A total of 3782 (31.9%) patients had received 1 or 2 AP drugs at baseline: 3016 (25.4%) acetylsalicylic acid (ASA), 243 (2.0%) clopidogrel, 175 (1.5%) ASA and dipyridamole, 151 (1.3%) ASA and clopidogrel, and 197 (1.7%) others. Patients receiving APs were 5 years older and had more risk factors than AP naïve patients. Incidences of SICH per SITS-MOST (ECASS II respectively) were as follows: 1.1% (4.1%) AP naïve, 2.5% (6.2%) any AP, 2.5% (5.9%) ASA, 1.7% (4.2%) clopidogrel, 2.3% (5.9%) ASA and dipyridamole, and 4.1% (13.4%) ASA and clopidogrel. In multivariable analyses, the combination of ASA and clopidogrel was associated with increased risk for SICH per ECASS II (odds ratio, 2.11; 95% CI, 1.29 to 3.45; P=0.003). However, we found no significant increase in the risk for mortality or poor functional outcome, irrespective of the AP subgroup or SICH definition.

CONCLUSIONS

The absolute excess of SICH of 1.4% (2.1%) in the pooled AP group is small compared with the benefit of thrombolysis seen in randomized trials. Although caution is warranted in patients receiving the combination of ASA and clopidogrel, AP treatment should not be considered a contraindication to thrombolysis.

摘要

背景与目的

抗血小板药物(APs)可能会增加缺血性卒中静脉溶栓后症状性颅内出血(ICH)的风险。

方法

我们评估了 11865 名符合欧洲许可标准的患者在 APs 下接受溶栓治疗的安全性,并在 2002 年至 2007 年期间记录在 Safe Implementation of Treatments in Stroke(SITS)国际卒中溶栓登记处(SITS-ISTR)中。
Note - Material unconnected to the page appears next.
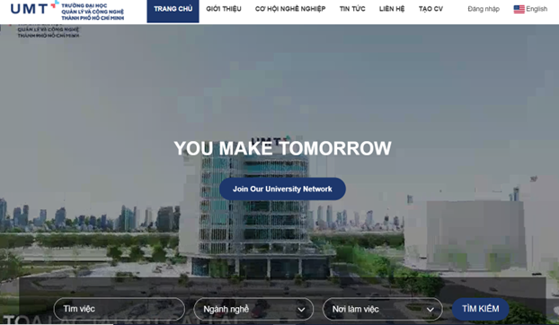 Đặc biệt, cổng thông tin việc làm sinh viên được xây dựng chuyên biệt cho UMT với thiết kế riêng, tổng hợp các vị trí tuyển dụng phù hợp với thế mạnh đào tạo của Trường. Sinh viên có thể chủ động tạo tài khoản để nhận được nguồn cơ sở dữ liệu đa dạng về việc làm. Đây sẽ là cầu nối vô cùng hữu dụng giữa sinh viên UMT và các nhà tuyển dụng tiềm năng.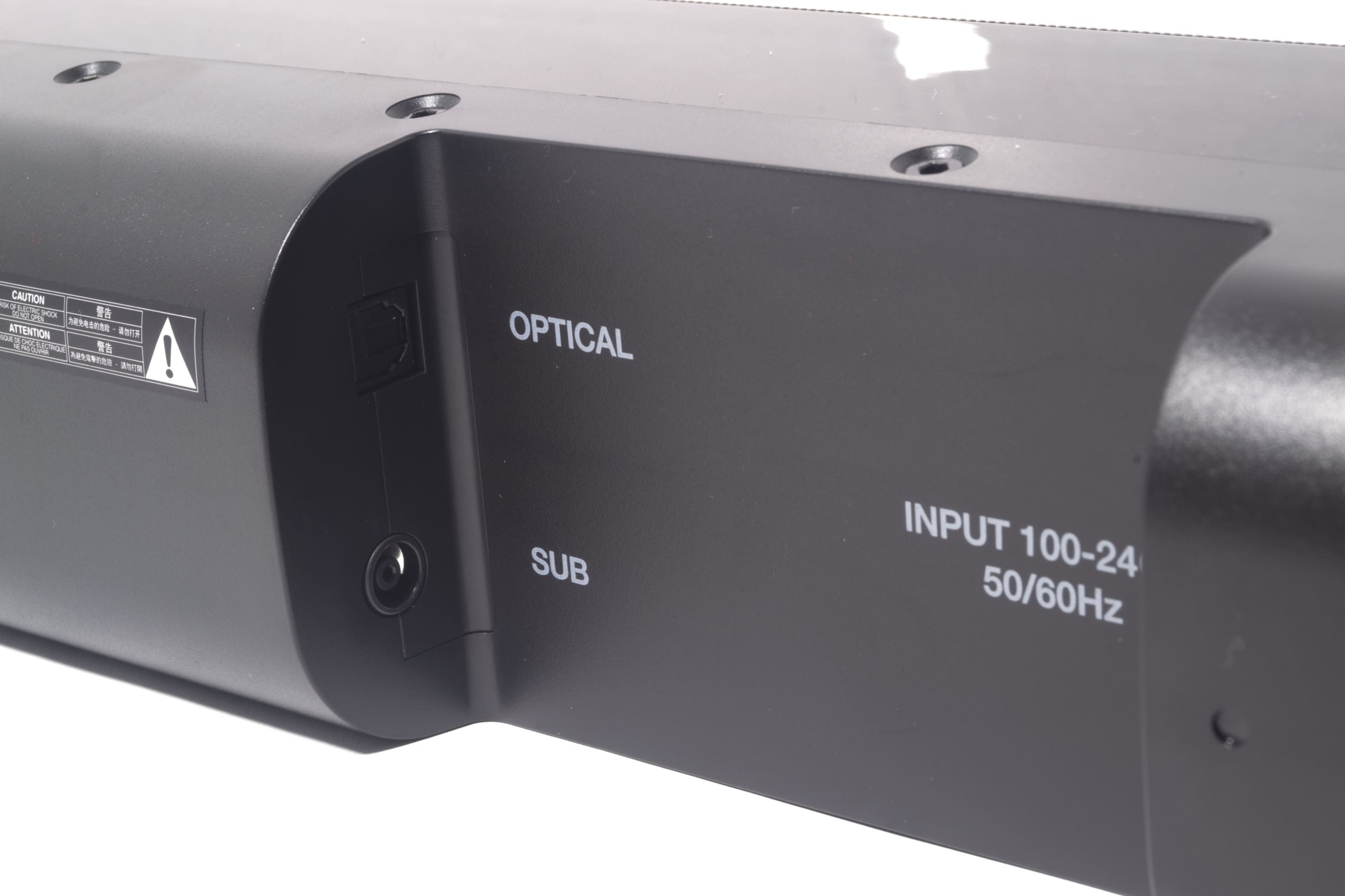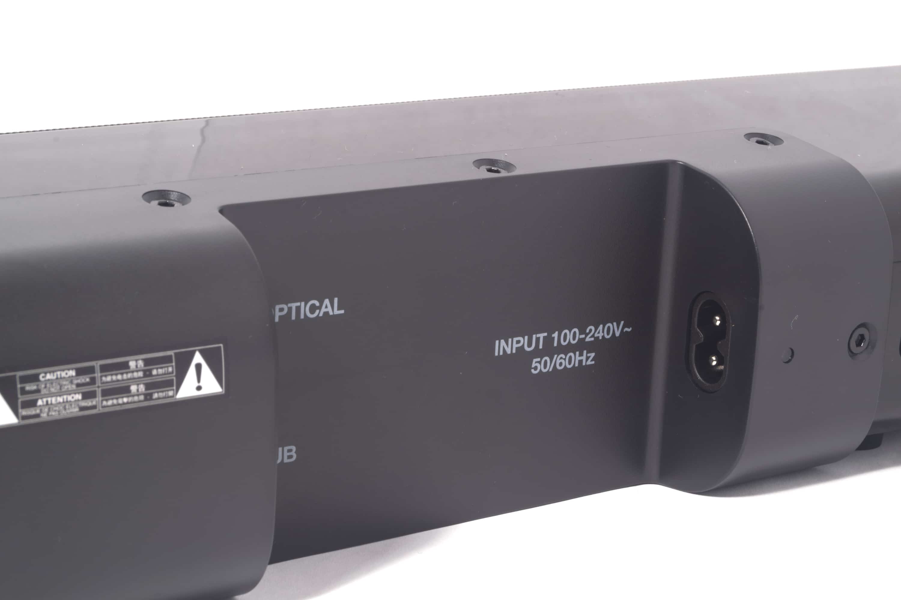 An der Rückseite der Soundbar befinden sich die diversen kabelbasierten Anschlussmöglichkeiten. Diese sind längs im Gehäuse eingelassen, wodurch das Kabelmanagement bei einer an einer Wand angebrachten Soundbar elegant gelöst werden kann.

单变量和多变量分析的结局指标包括症状性 ICH(SICH)根据 SITS 监测研究(SITS-MOST [国立卫生研究院卒中量表恶化>4 分+24 小时内 ICH 类型 2]),根据欧洲合作急性卒中研究 II(ECASS II [国立卫生研究院卒中量表恶化>4 分+任何 ICH]),3 个月时的功能结局和死亡率。

结果

共有 3782 名(31.9%)患者在基线时接受了 1 种或 2 种 AP 药物:3016 名(25.4%)乙酰水杨酸(ASA),243 名(2.0%)氯吡格雷,175 名(1.5%)ASA 和双嘧达莫,151 名(1.3%)ASA 和氯吡格雷,197 名(1.7%)其他。与 AP 未使用者相比,接受 AP 治疗的患者年龄大 5 岁,且有更多的危险因素。根据 SITS-MOST(ECASS II),SICH 的发生率如下:1.1%(4.1%)AP 未使用者,2.5%(6.2%)任何 AP,2.5%(5.9%)ASA,1.7%(4.2%)氯吡格雷,2.3%(5.9%)ASA 和双嘧达莫,4.1%(13.4%)ASA 和氯吡格雷。在多变量分析中,ASA 和氯吡格雷联合使用与 ECASS II 定义的 SICH 风险增加相关(比值比,2.11;95%置信区间,1.29 至 3.45;P=0.003)。然而,无论 AP 亚组或 SICH 定义如何,我们都没有发现死亡率或预后不良功能结局风险增加的显著证据。

结论

与随机试验中观察到的溶栓益处相比,AP 组的 SICH 绝对增加 1.4%(2.1%)很小。尽管在接受 ASA 和氯吡格雷联合治疗的患者中需要谨慎,但 AP 治疗不应被视为溶栓的禁忌症。